** Directions **
An exact copy of the lines from the top of the data through the line with "Красивое место, зимняя" is what you should give, with no pictures in it.

** Supplied data **
______________________________

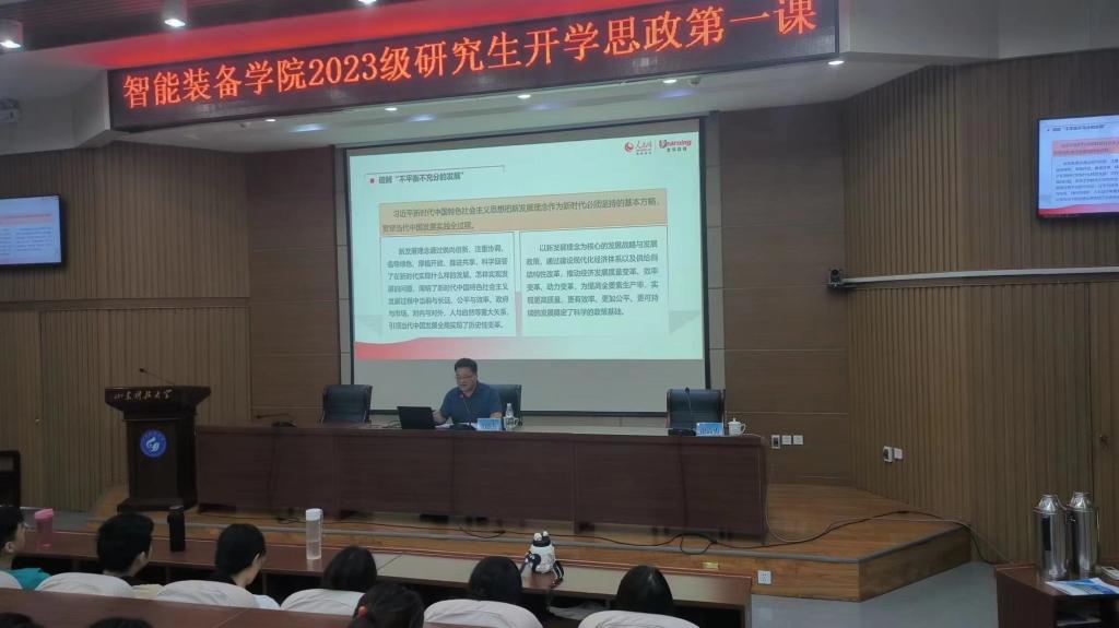 9月7日,智能装备学院党委书记黄德杰以《开辟马克思主义中国化时代化新境界》为题,为2023级全体研究生讲授开学思政第一课。
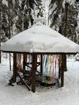 Красивое место, зимняя сказка. База отдыха посреди леса. Очень любим с друзьями приходить сюда гулять из Воейково. Сказочные дома для отдыха, утопающие в глубине леса, к ним ведёт деревянный настил. Несколько раз приходилось бывать внутри. Уютно и очень комфортно. Эко туризм, такскзать) Но сама бы не поселилась на длительное время. Зимой заниматься нечем, трассы активного отдыха далеко, цивилизация ещё дальше, ближайшие экотропы обходятся одним днем, сидеть в домике весь день не смогла бы, насколько комфортным бы он не был. Летом мошки и комары!!! Местность болотистая и их там тьма! Поэтому мои 5 звезд - непродолжительному отдыху с заходом в гости или посиделкам в кафе. Кафе супер! Вид из окна - релакс после трудовых будней. Облепиховый чай с апельсиновой цедрой - детокс в завершении весёлых выходных. Супчики вкусные, пельмешки домолепные, блинчики - всё в лучших традициях русской кухни. Спасибо! Будем продолжать заглядывать!
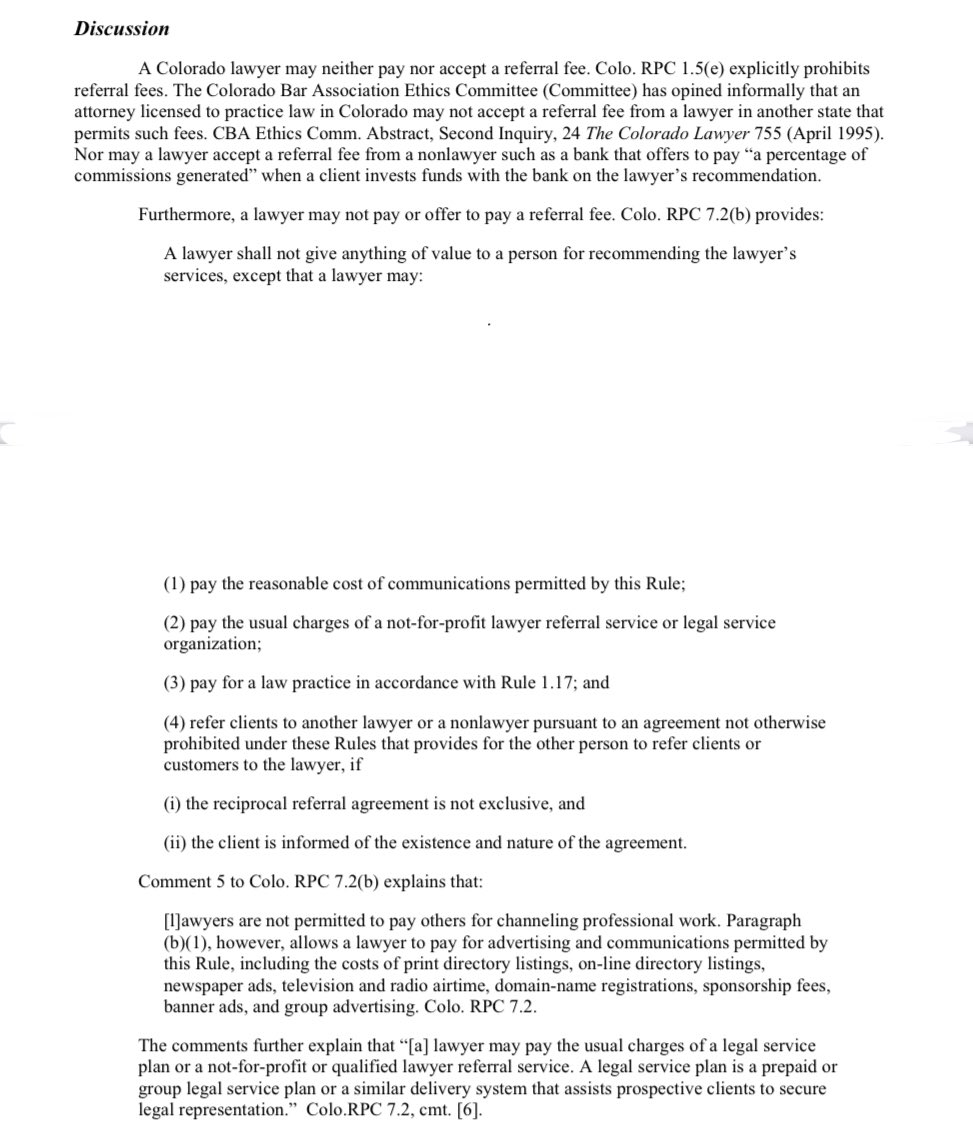 تحظر جمعية المحامين الأمريكية اعطاء أي رسوم للاحالة للمحامين بصورة عامة كأحد القيود الأخلاقية، وتتيح بعض النقابات الأمريكية (كلورادو مثالا) تنظيم ذلك في نطاق ضيق مع شفافية كاملة وحدود بسيطة وقيود تضمن عدم المتاجرة بالعدالة.

______________________________

** Answer for the task **
 9月7日,智能装备学院党委书记黄德杰以《开辟马克思主义中国化时代化新境界》为题,为2023级全体研究生讲授开学思政第一课。
 Красивое место, зимняя сказка. База отдыха посреди леса. Очень любим с друзьями приходить сюда гулять из Воейково. Сказочные дома для отдыха, утопающие в глубине леса, к ним ведёт деревянный настил. Несколько раз приходилось бывать внутри. Уютно и очень комфортно. Эко туризм, такскзать) Но сама бы не поселилась на длительное время. Зимой заниматься нечем, трассы активного отдыха далеко, цивилизация ещё дальше, ближайшие экотропы обходятся одним днем, сидеть в домике весь день не смогла бы, насколько комфортным бы он не был. Летом мошки и комары!!! Местность болотистая и их там тьма! Поэтому мои 5 звезд - непродолжительному отдыху с заходом в гости или посиделкам в кафе. Кафе супер! Вид из окна - релакс после трудовых будней. Облепиховый чай с апельсиновой цедрой - детокс в завершении весёлых выходных. Супчики вкусные, пельмешки домолепные, блинчики - всё в лучших традициях русской кухни. Спасибо! Будем продолжать заглядывать!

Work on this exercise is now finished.